◆ What this task involves ◆
Among the lines below, output only those between the line holding "Verfahren für Lautsprechereinstellungen" and the line holding "Get in the holiday", inclusive, exactly as written and with no pictures.

(Dataset entries)

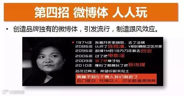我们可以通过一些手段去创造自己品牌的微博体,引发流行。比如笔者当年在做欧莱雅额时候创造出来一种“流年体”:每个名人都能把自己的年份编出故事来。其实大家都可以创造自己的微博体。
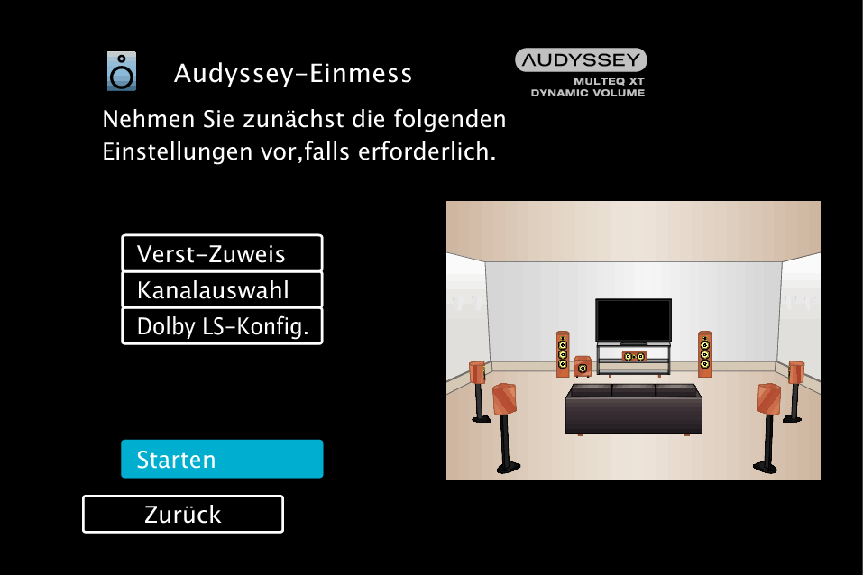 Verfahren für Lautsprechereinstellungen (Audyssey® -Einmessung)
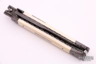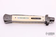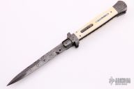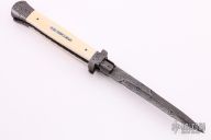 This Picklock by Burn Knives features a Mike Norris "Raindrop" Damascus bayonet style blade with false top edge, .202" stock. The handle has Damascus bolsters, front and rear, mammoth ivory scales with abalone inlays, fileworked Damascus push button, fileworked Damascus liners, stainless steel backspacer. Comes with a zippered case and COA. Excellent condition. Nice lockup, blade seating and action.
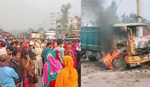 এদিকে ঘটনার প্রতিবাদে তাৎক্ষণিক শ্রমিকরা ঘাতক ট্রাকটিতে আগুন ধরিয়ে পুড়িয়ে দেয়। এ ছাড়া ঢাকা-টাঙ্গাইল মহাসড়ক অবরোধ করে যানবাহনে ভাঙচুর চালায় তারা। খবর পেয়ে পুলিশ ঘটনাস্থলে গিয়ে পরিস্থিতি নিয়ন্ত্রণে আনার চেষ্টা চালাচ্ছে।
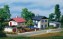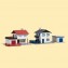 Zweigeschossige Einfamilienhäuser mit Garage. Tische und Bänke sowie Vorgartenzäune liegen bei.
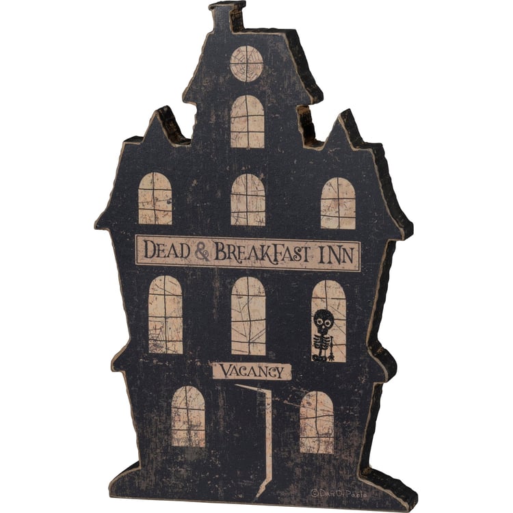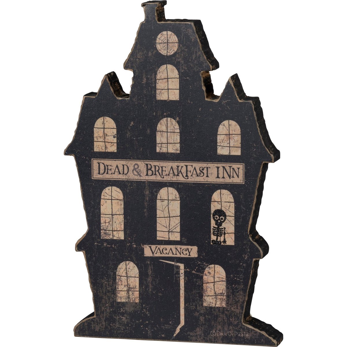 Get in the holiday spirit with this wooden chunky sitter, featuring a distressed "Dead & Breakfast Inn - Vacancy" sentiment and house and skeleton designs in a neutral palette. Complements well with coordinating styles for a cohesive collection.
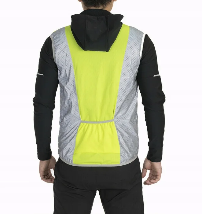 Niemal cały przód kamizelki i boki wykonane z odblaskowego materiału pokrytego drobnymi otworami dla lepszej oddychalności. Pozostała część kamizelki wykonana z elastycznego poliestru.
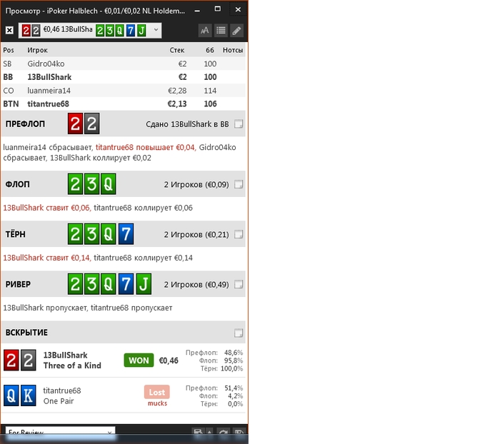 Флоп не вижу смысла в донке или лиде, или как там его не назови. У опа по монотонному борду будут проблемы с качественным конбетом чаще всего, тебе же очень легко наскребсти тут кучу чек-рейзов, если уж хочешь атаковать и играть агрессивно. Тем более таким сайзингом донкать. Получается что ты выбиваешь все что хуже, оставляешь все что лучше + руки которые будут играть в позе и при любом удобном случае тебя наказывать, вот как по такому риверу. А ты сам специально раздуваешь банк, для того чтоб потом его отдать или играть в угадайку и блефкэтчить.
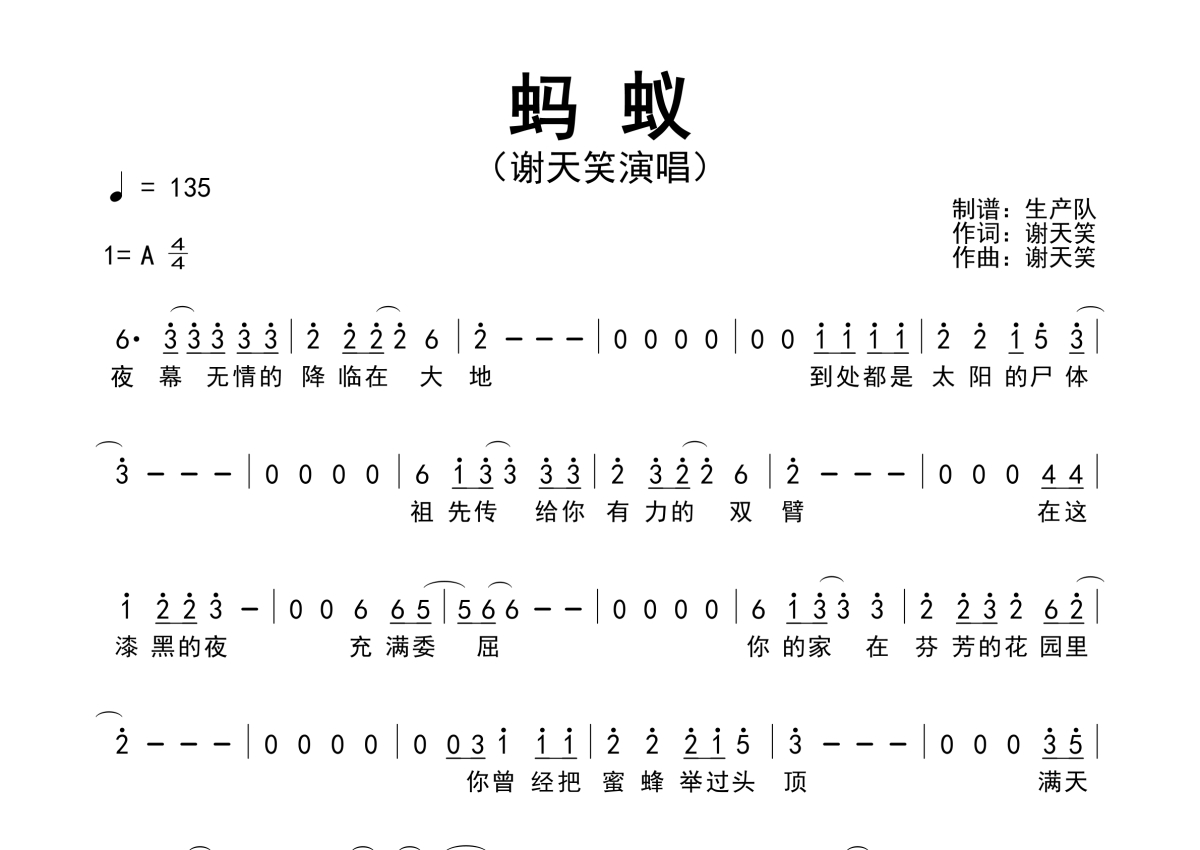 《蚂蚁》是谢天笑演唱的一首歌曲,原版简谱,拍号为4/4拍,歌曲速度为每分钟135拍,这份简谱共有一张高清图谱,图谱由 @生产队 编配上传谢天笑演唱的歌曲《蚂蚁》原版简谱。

◆ Solution ◆
 Verfahren für Lautsprechereinstellungen (Audyssey® -Einmessung)
 This Picklock by Burn Knives features a Mike Norris "Raindrop" Damascus bayonet style blade with false top edge, .202" stock. The handle has Damascus bolsters, front and rear, mammoth ivory scales with abalone inlays, fileworked Damascus push button, fileworked Damascus liners, stainless steel backspacer. Comes with a zippered case and COA. Excellent condition. Nice lockup, blade seating and action.
 এদিকে ঘটনার প্রতিবাদে তাৎক্ষণিক শ্রমিকরা ঘাতক ট্রাকটিতে আগুন ধরিয়ে পুড়িয়ে দেয়। এ ছাড়া ঢাকা-টাঙ্গাইল মহাসড়ক অবরোধ করে যানবাহনে ভাঙচুর চালায় তারা। খবর পেয়ে পুলিশ ঘটনাস্থলে গিয়ে পরিস্থিতি নিয়ন্ত্রণে আনার চেষ্টা চালাচ্ছে।
 Zweigeschossige Einfamilienhäuser mit Garage. Tische und Bänke sowie Vorgartenzäune liegen bei.
 Get in the holiday spirit with this wooden chunky sitter, featuring a distressed "Dead & Breakfast Inn - Vacancy" sentiment and house and skeleton designs in a neutral palette. Complements well with coordinating styles for a cohesive collection.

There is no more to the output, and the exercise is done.